It Could Have Been Worse..

But it was still pretty traumatic. Last Sunday’s club ride had a kind of mellow feel to it, since most of us had ridden pretty hard the day before. A flat and easy paced ride was a great way to spend what was shaping up to be a hot morning.

Our group of 9 left Linden at 8 am, headed either for Farmington (30 miles total) or Escalon (45 miles total). As I said most of us were riding calmly and 7 of us were within 50 yards of each other when there was a loud BANG! somewhere behind me. And I do mean loud. It sounded like a gunshot or explosion.

When Margaret and I stopped and looked back, we saw Bill (Margaret’s husband) and Paul G (aka G Man) lying on the pavement about 100 yards back. Although we were on a very quiet Hewitt Road, we also saw a car coming toward us. I waved and got the approaching vehicle to slow and pass carefully around the riders and bikes strewn on the tarmac. A couple of riders who had been in front came back and we all started to assess the situation.

Bill’s tubeless tire had blown off of the rim, and he lost control and hit the ground. G Man was riding behind him and could do nothing but go down and wound up on top of Bill. By the time I got back G Man was on his feet but Bill was still on the ground holding his elbow to immobilize his (almost certainly) broken collarbone.

G Man’s face was a bloody mess, and he had a deep gash in his lip, but he seemed lucid and nothing was broken. I spoke to him a bit and told him he needed to go to the ER or urgent care to get that lip stitched. His helmet was pristine and it did not appear that he hit his head at all. Appearances can be deceiving.

A minute later G Man had a confused look on his face, and he said to me “Did I hit the ground?” Now we have trouble. He doesn’t remember. He has a concussion and/or head trauma despite the helmet looking brand new. Dr. Paul R had him sit in the shade and monitored him. Paul B called for help, and the Farmington Fire Department arrived really quickly, followed by an ambulance, which G Man needed for certain.

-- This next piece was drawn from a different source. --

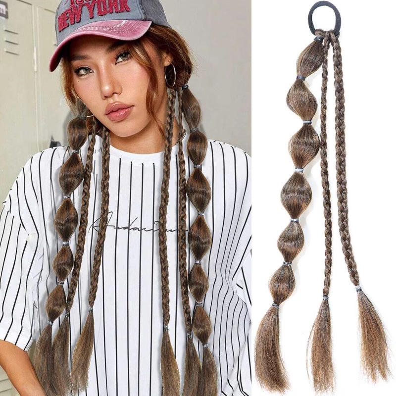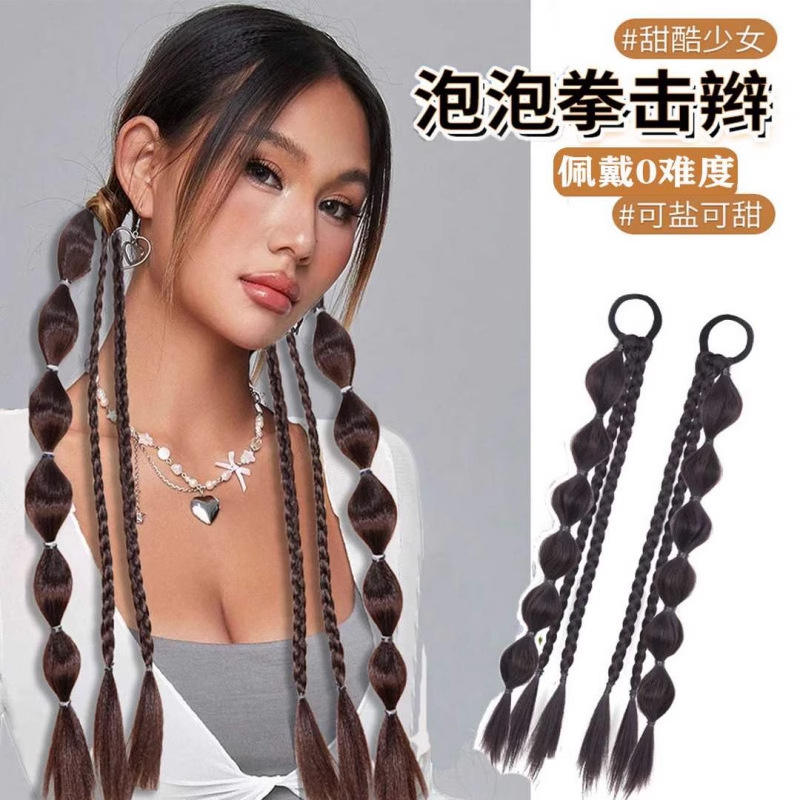 Perruques tressées pour femmes Gourd Boxing Braid, queues de cheval, brun naturel, extensions de cheveux en fibre haute température pour style festival de musique

Three Bikes Waiting for the Shuttle After the Evacuations

The crash occurred right next to a dairy, and one of the workers came over to see if he could help. Margaret asked him if he would drive Bill and her to Linden to their car. Bill didn’t think he needed an ambulance and they wanted to go to Kaiser. I learned from Margaret that the dairyman was really nice and would not take money offered. So they brought him a Fruit Bowl pie later to thank him.

G Man appeared conscious the whole time, but he was confused and the ambulance took him to the county hospital to evaluate his head injury. Once our riders were taken car of, the rest of us took care of the logistics.

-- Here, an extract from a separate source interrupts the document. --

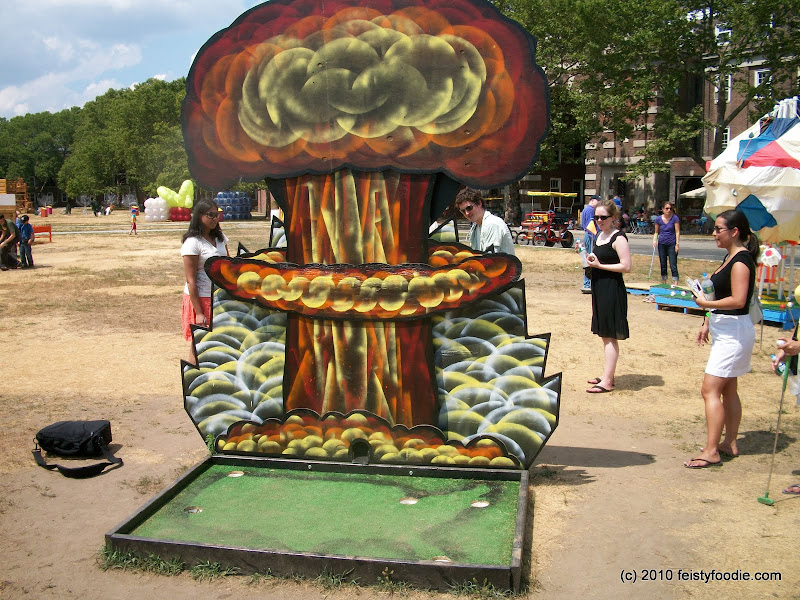 We also walked outside of the festival, to check out some other parts of the island and to help digest. We even played a couple holes of mini-golf, which was free with donations suggested. I found one hole to be particularly disturbing. Bye bye, Canada? There were also art exhibits throughout the island and bikes available for rental.

Russ rode back to Linden to get his truck. He then drove the 9 miles to the crash site to pick up the 3 bikes, and took them to my house for temporary storage. I rode home, and the rest of the group returned to Linden. Paul B and Dr. Paul R (3 Pauls’ on this ride!) live in Linden, and Paul B had the foresight to retrieve G Man’s car keys before he was loaded into the ambulance. He moved the car to his driveway.

Paul B and I got cleaned up, had a bite to eat and headed down to the county hospital about 1 pm. We left G Man’s car at my house. We had learned from G Man that the brain scan showed no damage. Whether it characterized his brain as ‘normal’ is unclear.

We only had to wait about 90 minutes at the ER. G Man came out of the trauma center moving slowly and talking rapidly. “I don’t remember anything. I don’t remember the crash, I don’t remember talking to anybody, I don’t remember being loaded into the ambulance”. We drove back to my house and put G Man’s bike in his car. There was no chance we were going to let him drive to Galt, so Paul B drove G Man’s car and I drove mine and we took him home. G Man did not argue; he thought the shuttle service was a good idea given his current state.

G Man was really sore the next day, but he is healing quickly and will be back on his bike soon. Bill won’t. His broken collarbone will not require surgery, but he has been told to immobilize it for at least a month and stay off the bike for 6 to 8 weeks.

Every time there is crash with injuries involving people I know, I ask myself if riding a bike is worth the risks. I could just do indoor cycling with fancy electronic displays and data monitors and achieve all the cardio fitness I need in complete safety. But I always get back on the road.